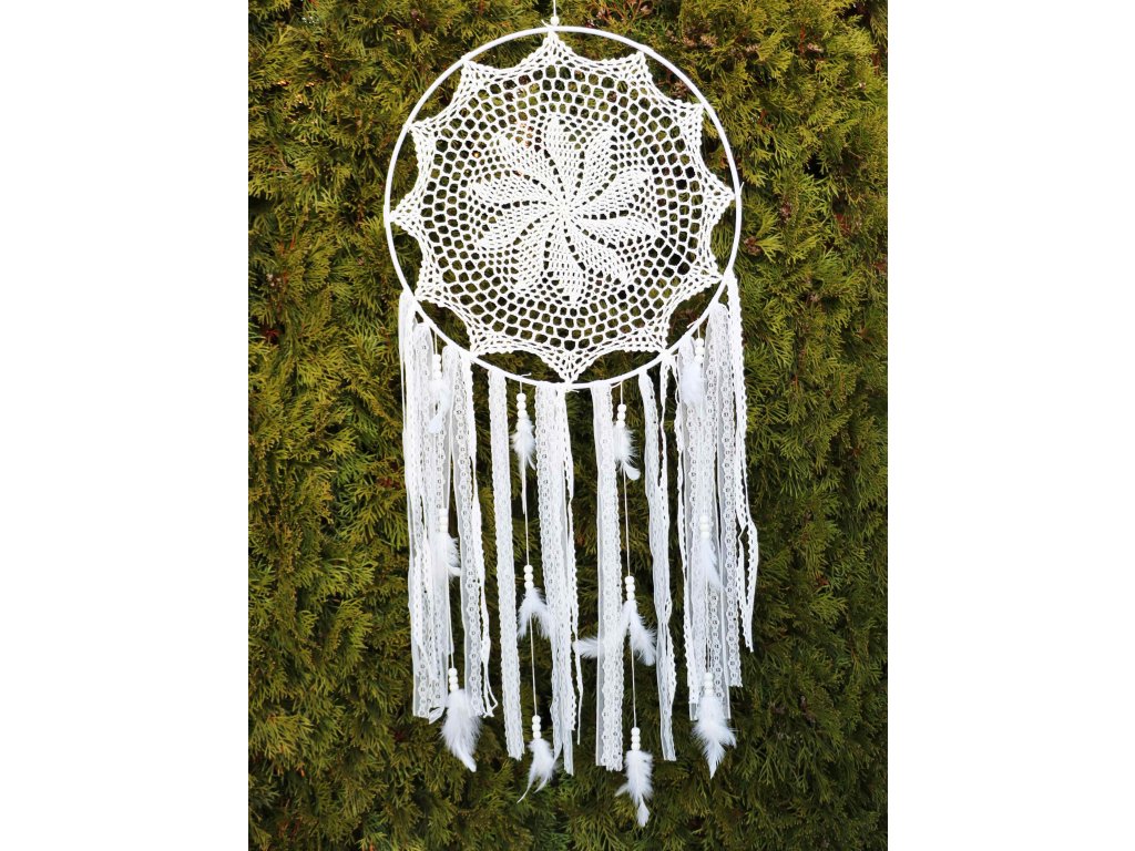 Ručně vyráběný bílý lapač snů s háčkovaným středem #ZB345 čistota, klid a jemná ochrana prostoru
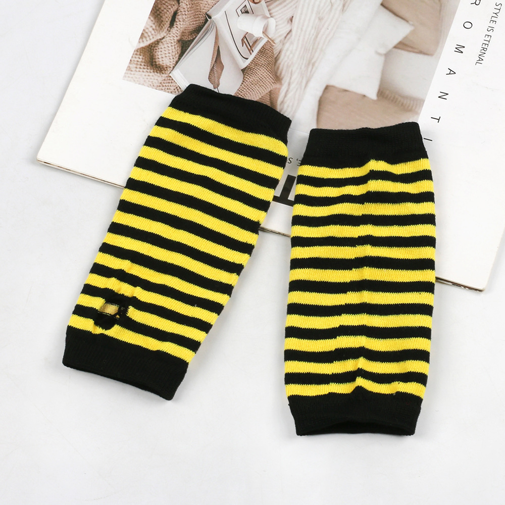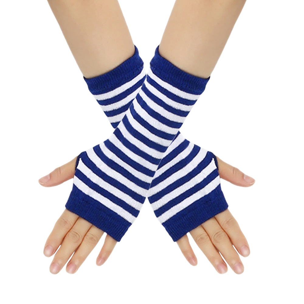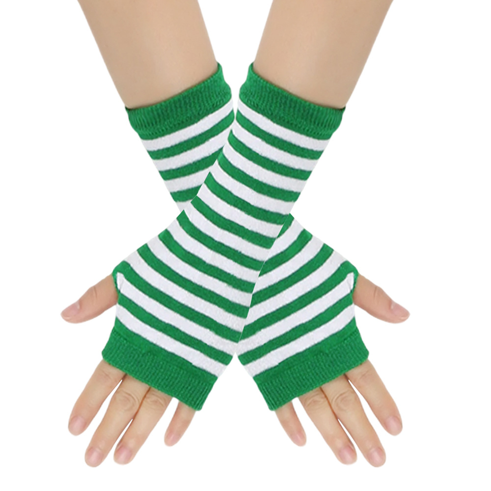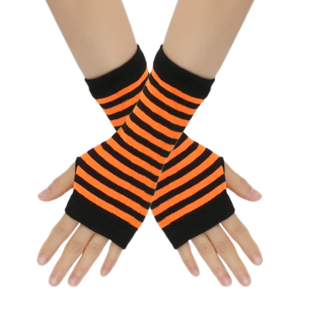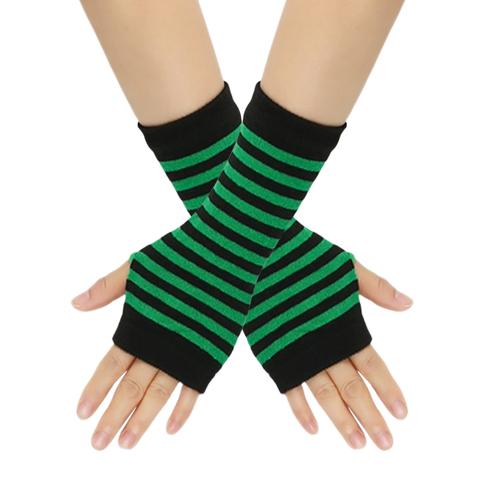 跨境针织漏指手套cospla动漫条纹穿指手腕袖套儿童露指手臂套薄款
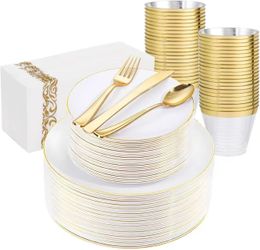 D15# OCCASIONS Set & 100 Guest Wedding Disposable Plastic Plate & Silverware Combo Set (White & Gold Rim plates, Gold Silverware)$65Rosemead, CA
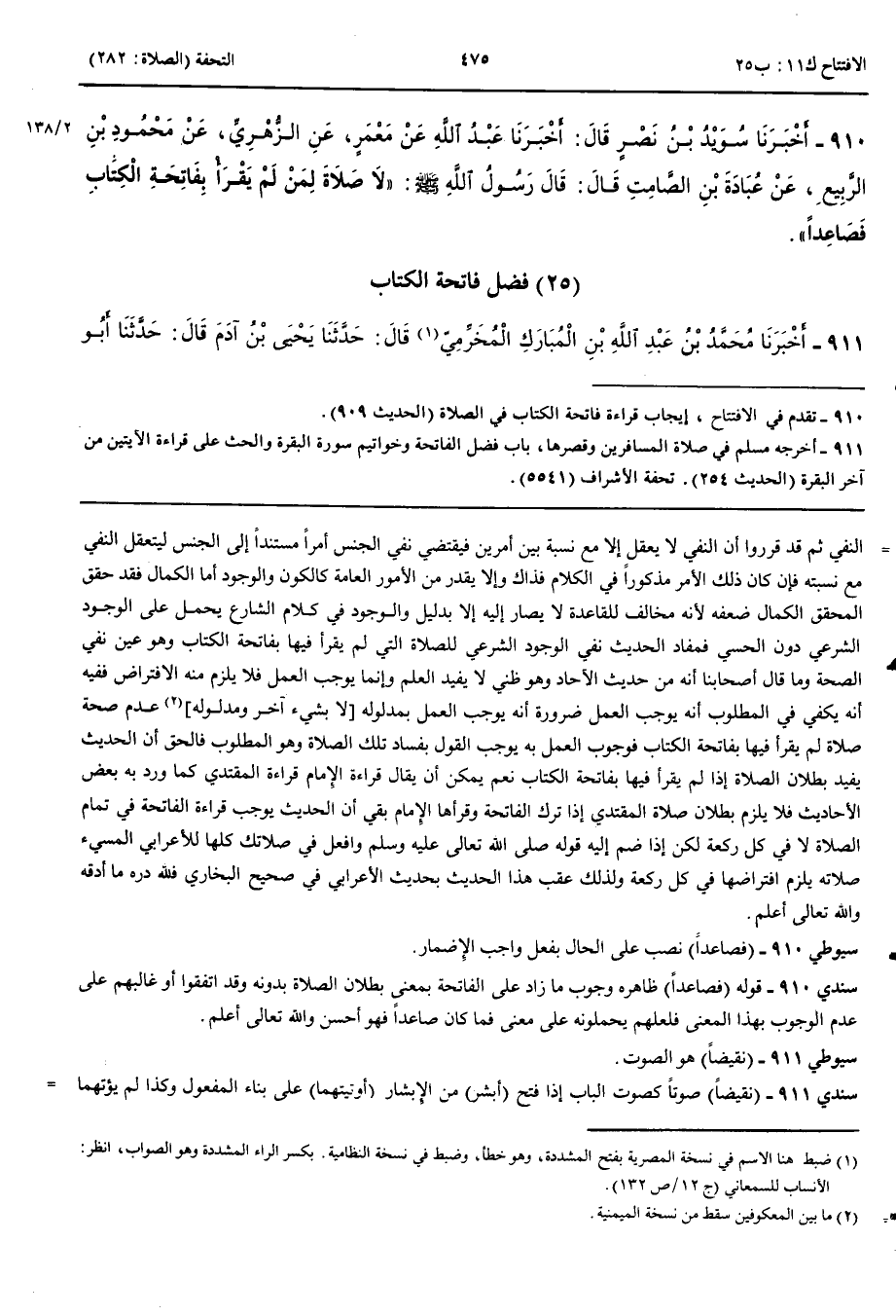910 - أَخْبَرَنَا سُوَيْدُ بْنُ نَصْرٍ قَالَ أَنْبَأَنَا عَبْدُ اللَّهِ عَنْ مَعْمَرٍ عَنْ الزُّهْرِيِّ عَنْ مَحْمُودِ بْنِ الرَّبِيعِ عَنْ عُبَادَةَ بْنِ الصَّامِتِ قَالَ قَالَ رَسُولُ اللَّهِ صَلَّى اللَّهُ عَلَيْهِ وَسَلَّمَ لَا صَلَاةَ لِمَنْ لَمْ يَقْرَأْ بِفَاتِحَةِ الْكِتَابِ فَصَاعِدًا
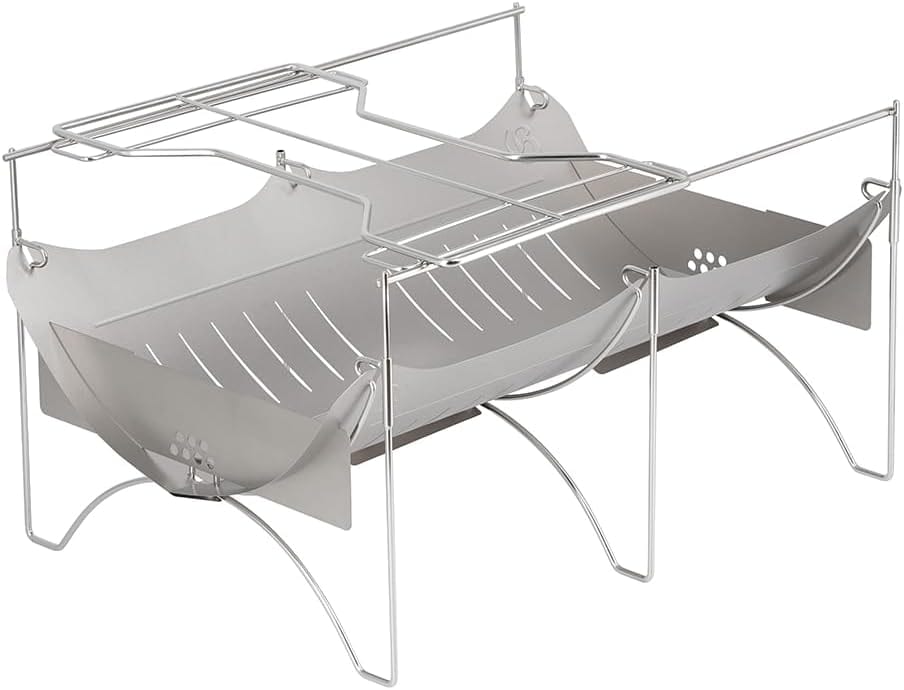 チタン製の軽量焚き火台は、グループや長期滞在のキャンプに最適です。
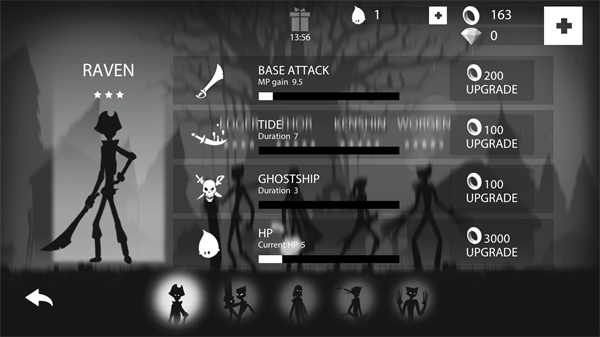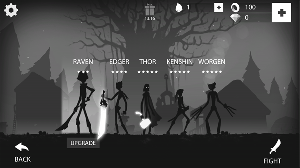 1. 进入游戏后会出现五位不同的火柴人,除了第一位初始火柴人之外,剩余的需要利用金币和砖石来进行解锁
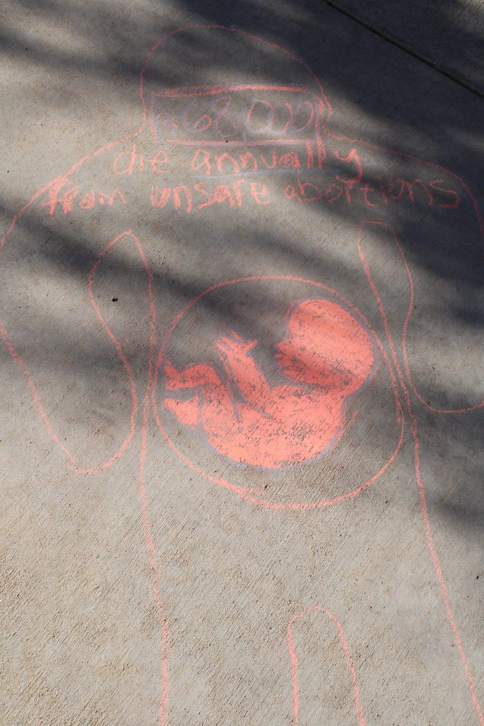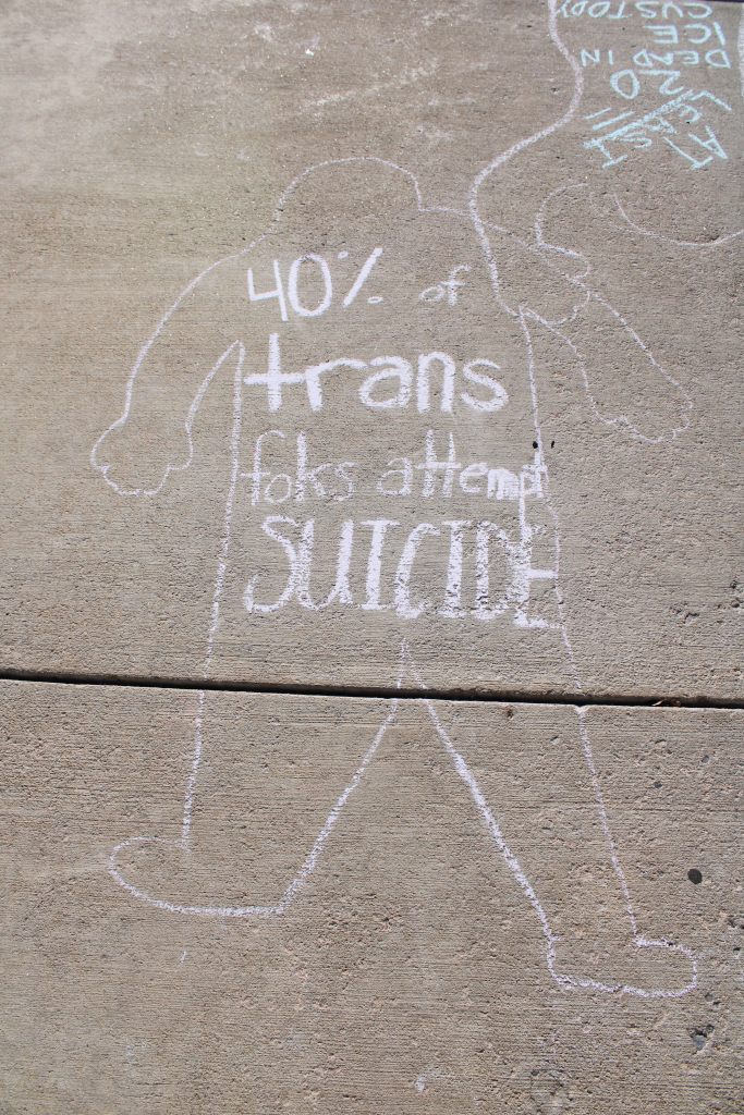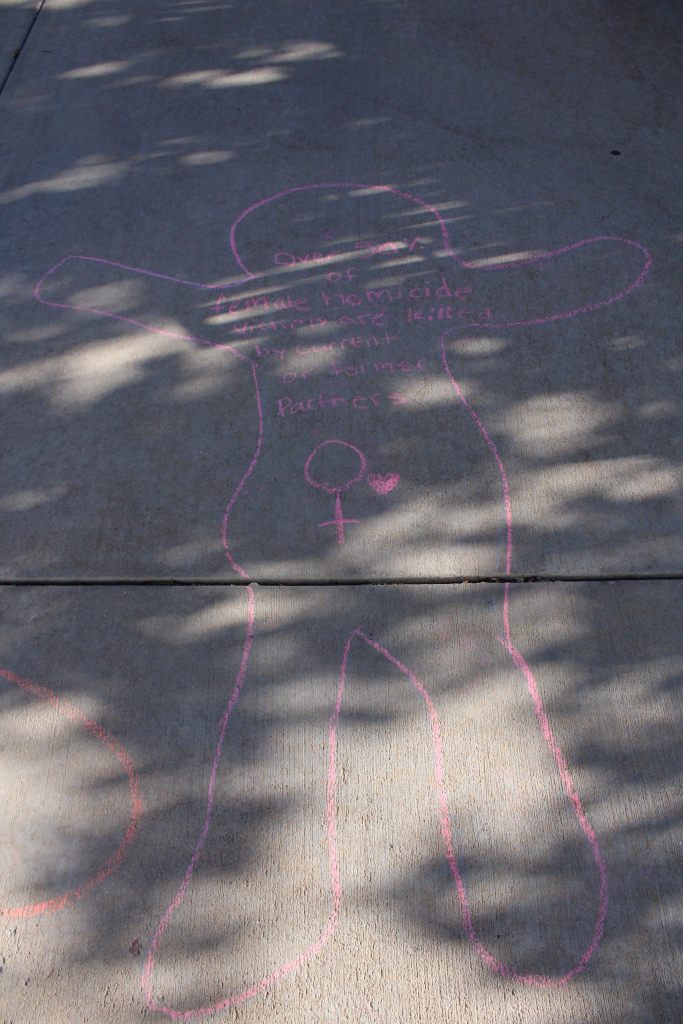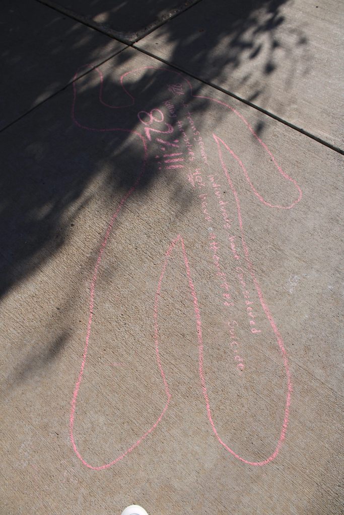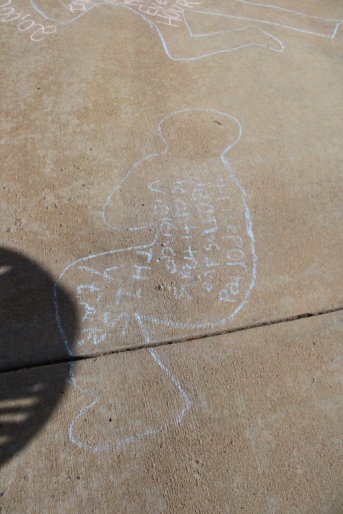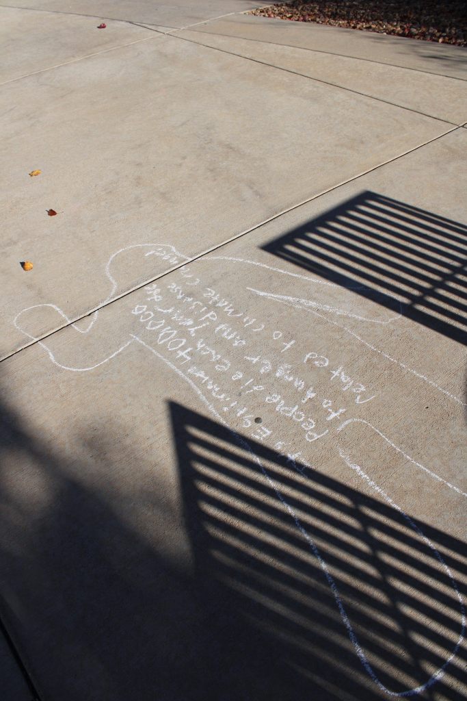 Dr. Kristina Kahl’s Death and Dying class hosted a Die-in on November 13th outside the WC Welcome Center. Rather than the class laying on the ground outside, chalk outlines depicting positions of corpses – with facts about death statistics relating to various social issues written inside the outline – were drawn instead.
============================================================
● Exercise objective
Exactly the lines above from the one that contains "チタン製の軽量焚き火台は、グループや長期滞在のキャンプに最適です。" down to the one that contains "1. 进入游戏后会出现五位不" are to be output, both ends kept and pictures omitted.

● Output of the exercise
 チタン製の軽量焚き火台は、グループや長期滞在のキャンプに最適です。
 1. 进入游戏后会出现五位不同的火柴人,除了第一位初始火柴人之外,剩余的需要利用金币和砖石来进行解锁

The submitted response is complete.